A Young Pennsylvanian Shows Up and Wins
This year, Zohran Mamdani made history as the youngest mayor elected in over a century to lead New York City, with more than 50 percent of the vote in the three-way race. Much of Mamdani’s success can be attributed to the young people who canvassed in all five boroughs of the city to help him pull off an astonishing victory.
But young New Yorkers aren’t the only ones speaking out or lining up behind younger candidates. In western Pennsylvania, that surge led to Sam Bigham, 23, becoming the youngest mayor ever of Carnegie, a Pittsburgh suburb southwest of the city. After graduating from the Indiana University of Pennsylvania with a bachelor’s degree in political science and history, Bigham decided to run for mayor because he felt the Carnegie Town Council needed more younger residents to invigorate town government.
“It’s important to have someone with more energy, ’cause I think another thing that happens when you’re in a position for so long is you kind of get stuck in your ways,” Bigham told the Prospect.
It’s a surge that shows that Generation Z, the country’s youngest cohort of voters, is fed up with a traditional politics-as-usual that steers longtime incumbents back into office and holds off fresh faces and ideas. Run for Something (RFS), a national organization that works to recruit the next generation of progressive leaders and help run their campaigns, saw intense interest from young people in running for office in 2025: Before President Trump completed his first year in office, more than 75,000 people had reached out to RFS to express interest in getting into politics.
The Keystone State town was named after steel baron Andrew Carnegie in return for him gifting Carnegie a high school and a library. Carnegie was a destination for steelworkers and their families for more than a century before the industry began to collapse in the late 1970s.
Carnegie has struggled for decades to rebound. The town attempted to attract visitors from the surrounding area before Hurricane Ivan in 2004 undid much of that progress: Chartiers Creek, which runs through the town, flooded, damaging Main Street and other neighborhoods. A recent fire, in 2024, that shuttered popular restaurants on Main Street has also impacted the town’s comeback. Today, Carnegie is home to nearly 8,000 residents.
For the past 20 years, the town’s residents have worked to rebuild the damaged storefronts and attract new businesses to Main Street. Bigham says that Carnegie’s revitalization project has been exceptionally successful. “You wouldn’t really be able to tell there was a flood in this town,” he says. As he looks forward to his first year in office, Bigham intends to build on that momentum and continue working on Carnegie’s comeback.
He plans to encourage more community events and support existing ones in the hope that Carnegie will become a destination spot for Pennsylvanians. “I want to do more to promote and market the town to people to come and visit and check out, and maybe even move to,” Bigham says. These events would include bringing more vendor markets to the town and expanding the farmers and holiday markets that are already popular with residents.
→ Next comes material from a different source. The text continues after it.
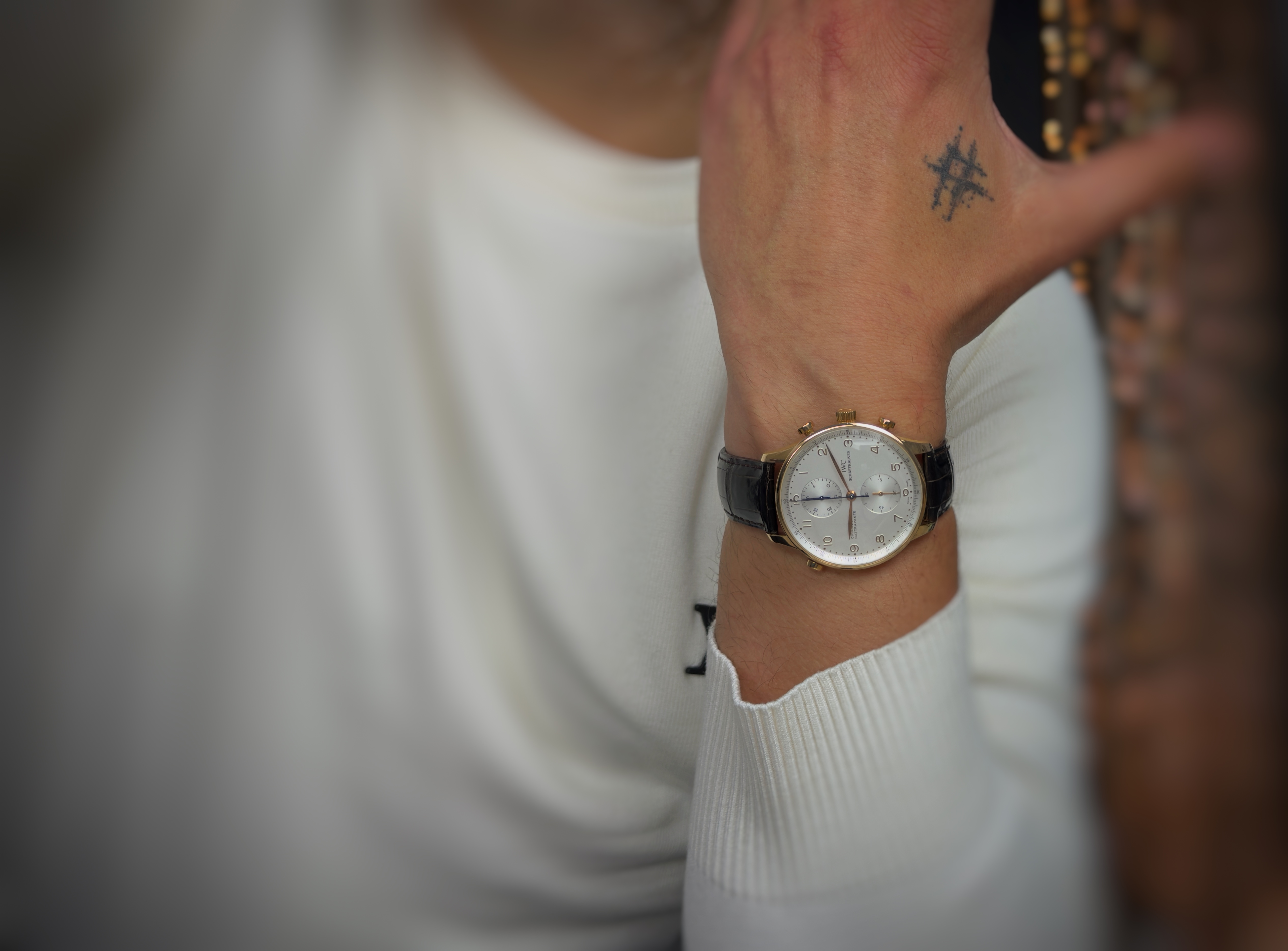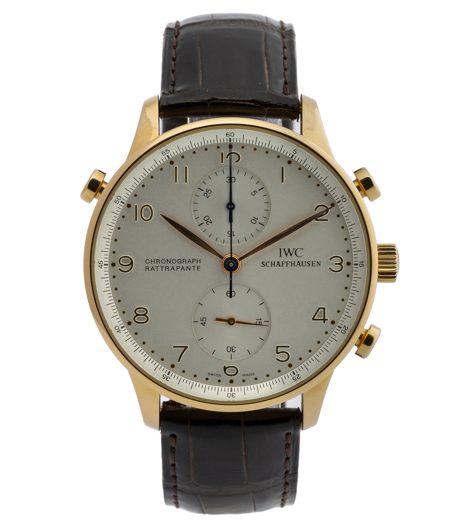Oryginalny zegarek używany, stan jest bardzo dobry. IWC Portuguese Chronograph Rattrapante w różowym złocie to zegarek, który łączy w sobie dwa światy: klasyczną elegancję linii Portuguese oraz jedną z najbardziej fascynujących komplikacji w zegarmistrzostwie — rattrapante (split-seconds). Wersja z mechanizmem manualnym podkreśla purystyczny charakter tej referencji, będąc idealnym wyborem dla kolekcjonerów ceniących tradycję, precyzję i luksusowy styl. Wodoszczelność określona przez producenta 30 metrów. Zegarek z 2010 roku. W zestawie oryginale pudełko. Numer referencyjny to IW371203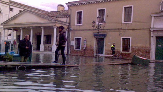 Как отмечается, в Венеции происходит одно из крупнейших в истории города наводнений. Вечером 12 ноября вода в городе поднялась на высоту 187 см - это второй исторический рекорд для города. Рекордная высота была зафиксирована в 1966 г., когда вода поднялась на 194 см.

Bigham is uniquely situated to help further Carnegie’s comeback as he’s also the director of the Carnegie Community Development Corporation (CCDC) in addition to being mayor. The CCDC is the main organization in charge of revitalizing Carnegie, promoting the town, and attracting new businesses and residents. He’s also studying for a master’s degree in public policy and management at Carnegie Mellon University.
He’s very aware that his age poses certain pressures. On the campaign trail, Bigham worked hard to make sure voters in Carnegie knew he was a serious candidate. Bigham wasn’t someone who thought it might be fun to run for mayor: Not only was he a Carnegie native and recent graduate, he worked as a junior town council member and interned with Pennsylvania state Rep. Anita Kulik (D-Allegheny County). She endorsed Bigham.
Bigham’s opponent, David Klug, 59, a local cartoonist whose work adorns the walls of Primanti Bros. sandwich shops, a beloved Pittsburgh-area chain of stores, harped on his opponent’s age during the campaign—but that strategy ultimately backfired. “When I was actually door-knocking and having conversations with people, the age thing actually kind of seemed to be a positive for most people,” Bigham says.
He beat Klug with 75 percent of the vote in the Democratic primary and ran unopposed in November, garnering the most votes in Carnegie history.
Running for office fresh out of college in your hometown may seem unusual, but RFS data shows that Bigham is not an outlier. Young candidates aren’t just running, they’re winning. Other Gen Z candidates achieved historic wins last November, including 22-year-old Jayden Williams becoming mayor of Stockbridge, Georgia, in metro Atlanta, and Eva Fipps, a 20-year-old college student stepping into the mayor’s office in Henderson, Iowa, a small town west of Des Moines near the Nebraska border.
These new officeholders have the potential to revitalize local governments in small towns across the country with their ideas and energy. They can also help prepare other young politicians to hold higher office in the future. Bigham said he hopes young people looking into politics begin to understand that getting their foot in the door is easier than they think.
“Running for office is just people skills: talking to residents, talking to other elected officials, just talking about yourself and why you’d make a good candidate and what you want to do and why you think you’ll be able to accomplish it,” Bigham says. “So, I encourage people to at least look into it.”